### [Data shown]
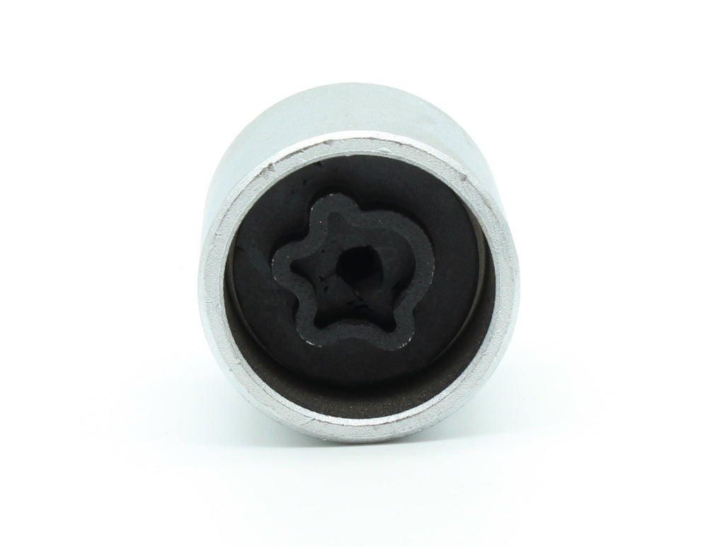 One piece anti-theft lugnut key for selected Mercedes Benz vehicles. Interior black surface is made with Manganese Phosphate Coating.
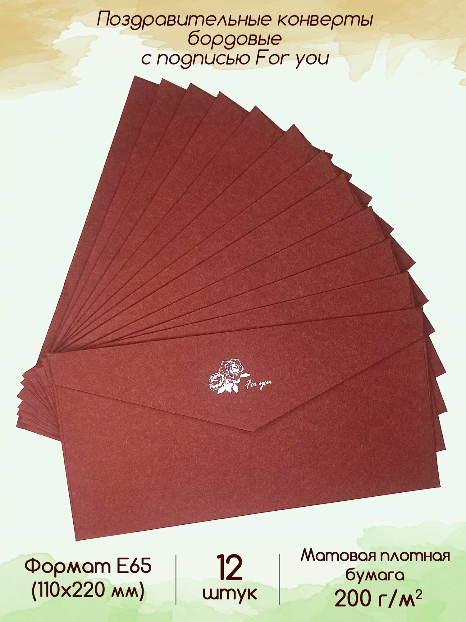 Конверты для денег подарочные бордовые 110х220мм с розой 12 штук интересное:
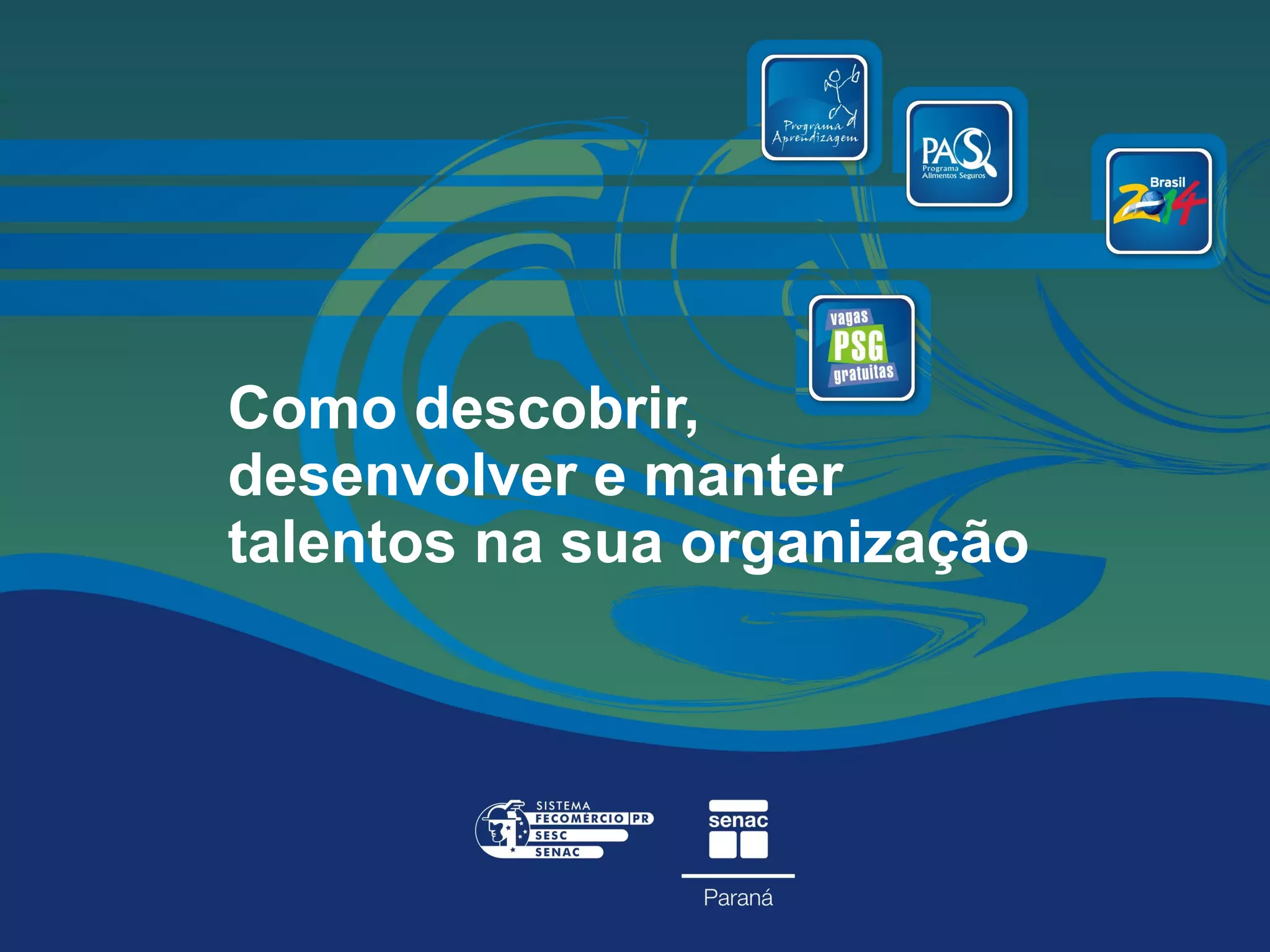 O documento discute a importância de identificar, desenvolver e manter talentos na organização para inovar e conquistar novos mercados. Aprendizagem individual e organizacional são essenciais para o sucesso das empresas. O Senac pode ajudar por meio de cursos de educação profissional, identificando competências e oferecendo qualificação.

### [Task details]
Exactly repeat every line from the line that includes "Конверты для денег" to the end of the listing, and nothing else, leaving pictures out.

### [Answer for the task]
 Конверты для денег подарочные бордовые 110х220мм с розой 12 штук интересное:
 O documento discute a importância de identificar, desenvolver e manter talentos na organização para inovar e conquistar novos mercados. Aprendizagem individual e organizacional são essenciais para o sucesso das empresas. O Senac pode ajudar por meio de cursos de educação profissional, identificando competências e oferecendo qualificação.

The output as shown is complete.